Required action: From the material below, return exactly the lines starting at the one that holds "ZYHT 21938 Black" and ending at the one that holds "L’actuació ha consistit". Pictures stay out of the answer.

Source data:
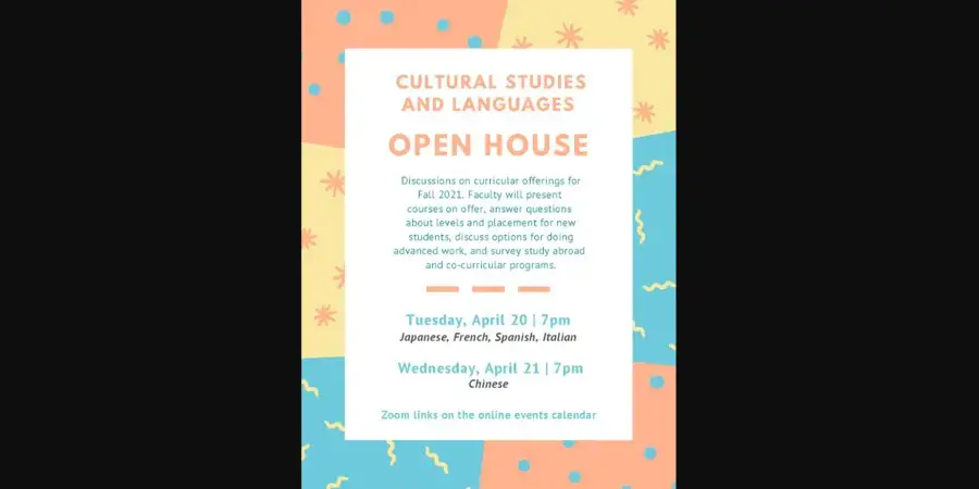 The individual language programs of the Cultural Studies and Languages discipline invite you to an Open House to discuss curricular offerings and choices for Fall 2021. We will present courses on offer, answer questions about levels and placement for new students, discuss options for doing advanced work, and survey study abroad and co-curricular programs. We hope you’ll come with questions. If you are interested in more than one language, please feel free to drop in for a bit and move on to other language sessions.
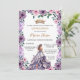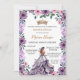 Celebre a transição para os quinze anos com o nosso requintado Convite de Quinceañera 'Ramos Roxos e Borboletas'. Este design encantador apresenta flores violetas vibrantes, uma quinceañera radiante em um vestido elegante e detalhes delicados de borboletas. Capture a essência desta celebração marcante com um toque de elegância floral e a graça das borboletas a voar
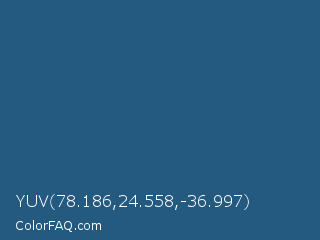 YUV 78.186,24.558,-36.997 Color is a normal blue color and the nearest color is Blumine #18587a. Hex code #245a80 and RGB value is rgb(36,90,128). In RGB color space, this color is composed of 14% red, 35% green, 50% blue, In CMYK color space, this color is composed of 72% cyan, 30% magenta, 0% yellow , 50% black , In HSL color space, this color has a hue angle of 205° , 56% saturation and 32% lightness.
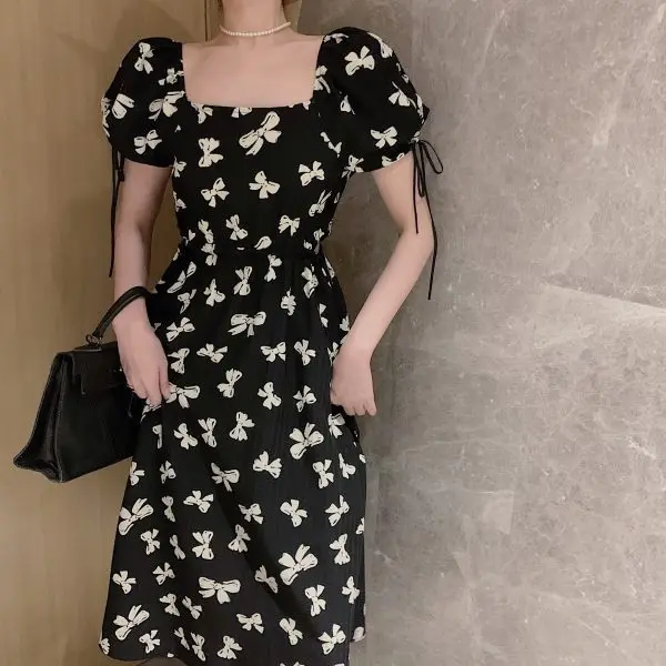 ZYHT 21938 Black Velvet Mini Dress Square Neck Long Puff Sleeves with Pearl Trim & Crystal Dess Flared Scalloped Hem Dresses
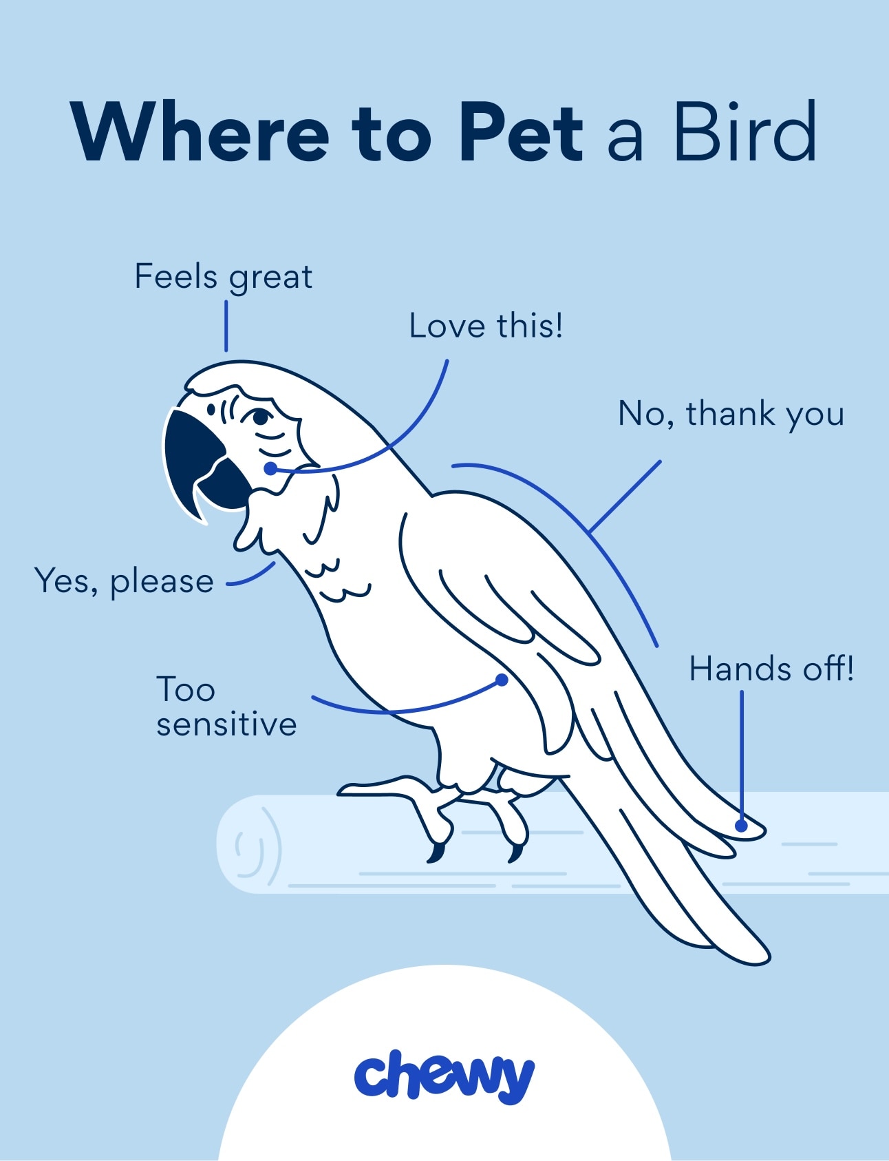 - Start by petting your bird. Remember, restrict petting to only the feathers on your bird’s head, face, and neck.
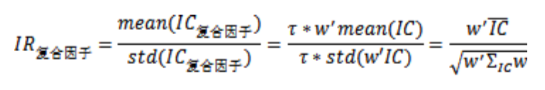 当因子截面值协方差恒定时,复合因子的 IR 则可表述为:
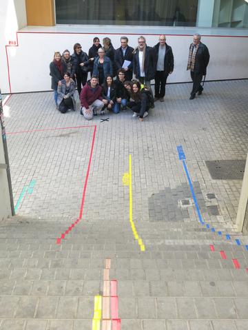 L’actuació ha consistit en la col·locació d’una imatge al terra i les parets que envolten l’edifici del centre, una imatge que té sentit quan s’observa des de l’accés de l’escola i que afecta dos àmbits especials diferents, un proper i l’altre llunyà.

--

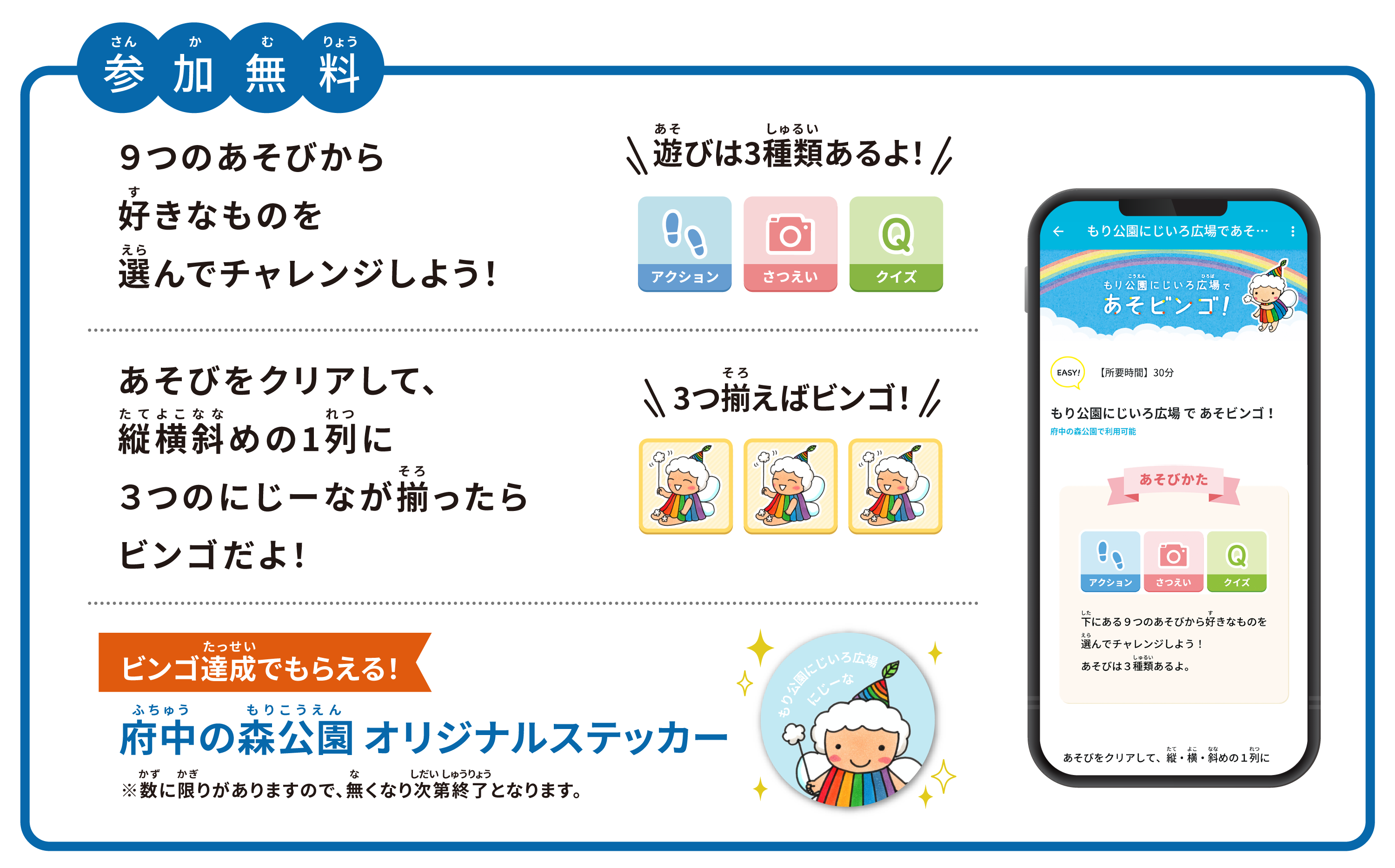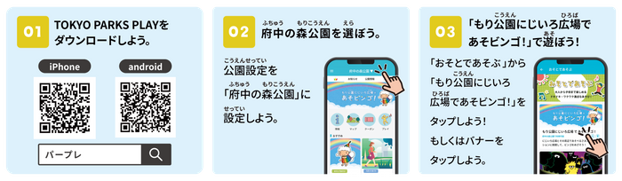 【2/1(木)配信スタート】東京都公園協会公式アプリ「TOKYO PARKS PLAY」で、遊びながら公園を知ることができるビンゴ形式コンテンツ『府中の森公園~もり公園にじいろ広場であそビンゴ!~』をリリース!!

Result for this task:
 ZYHT 21938 Black Velvet Mini Dress Square Neck Long Puff Sleeves with Pearl Trim & Crystal Dess Flared Scalloped Hem Dresses
 - Start by petting your bird. Remember, restrict petting to only the feathers on your bird’s head, face, and neck.
 当因子截面值协方差恒定时,复合因子的 IR 则可表述为:
 L’actuació ha consistit en la col·locació d’una imatge al terra i les parets que envolten l’edifici del centre, una imatge que té sentit quan s’observa des de l’accés de l’escola i que afecta dos àmbits especials diferents, un proper i l’altre llunyà.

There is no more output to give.